Temps de lecture : 5 min

Le meurtre sordide de Chaïma, une jeune femme de 19 ans, a secoué le pays, qui observe un moratoire sur la peine capitale depuis 1993.

Une manifestation en hommage à Chaïma et contre les violences faites aux femmes, à Alger, le 8 octobre. | Ryad Kramdi / AFP
Une manifestation en hommage à Chaïma et contre les violences faites aux femmes, à Alger, le 8 octobre. | Ryad Kramdi / AFP

À Alger (Algérie).

«Je vis dans un pays où quand une femme est battue on demande d'abord ce qu'elle a bien pu faire; où quand une fille est harcelée on pointe du doigt ce qu'elle portait pour plaire», se désole Taous Ait Mesghat, militante et médecin, sur les réseaux sociaux après le meurtre de Chaïma.

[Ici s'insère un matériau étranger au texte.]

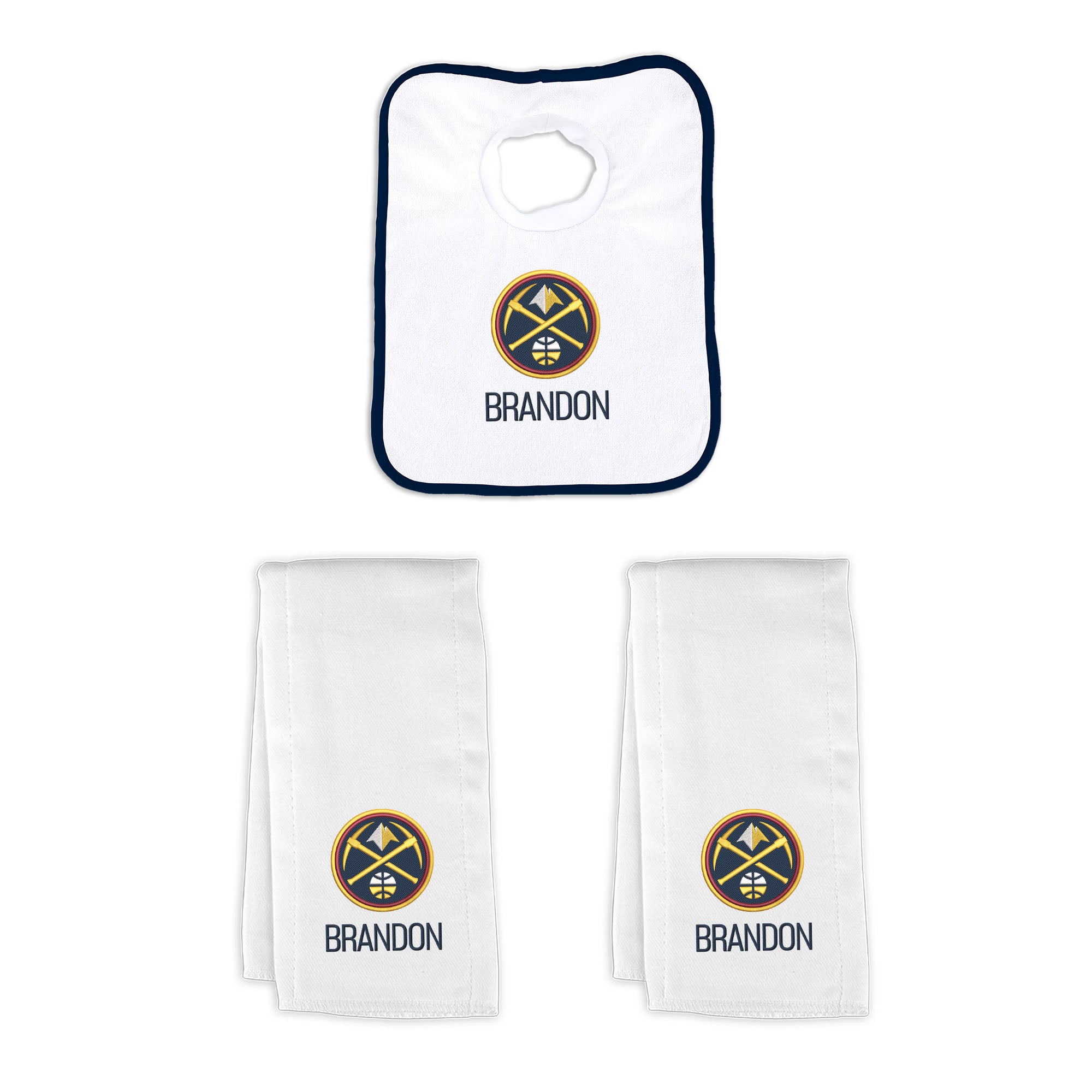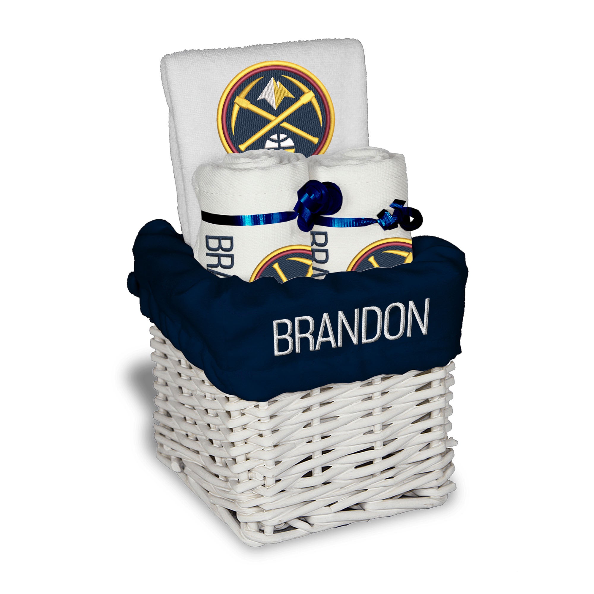 Our Personalized Denver Nuggets Small Gift Basket contains 3 of our best-selling items packaged in a white willow basket with a personalized cotton liner. Each basket holds 2 of our 100% cotton burp cloths and a 100% cotton terry pullover bib. each piece is embroidered with the official Nuggets logo and baby's name or nickname.

Le corps de la jeune femme a été retrouvé, vendredi 2 octobre, dans une station-service désaffectée de Thénia, à une quarantaine de kilomètres à l'est de la capitale, Alger. Elle a été violée, battue puis brûlée par un homme, une connaissance de son âge, qui a avoué son crime. Il avait déjà agressé Chaïma quelques années auparavant et avait fait l'objet d'une plainte. «Il voulait se marier avec elle et je ne l'ai pas accepté», affirme en pleurs la mère de la victime qui réclame désormais l'application du Qissas, loi du talion, qui relève du droit musulman. Une demande qui a trouvé beaucoup d'échos favorables chez les internautes algérien·nes.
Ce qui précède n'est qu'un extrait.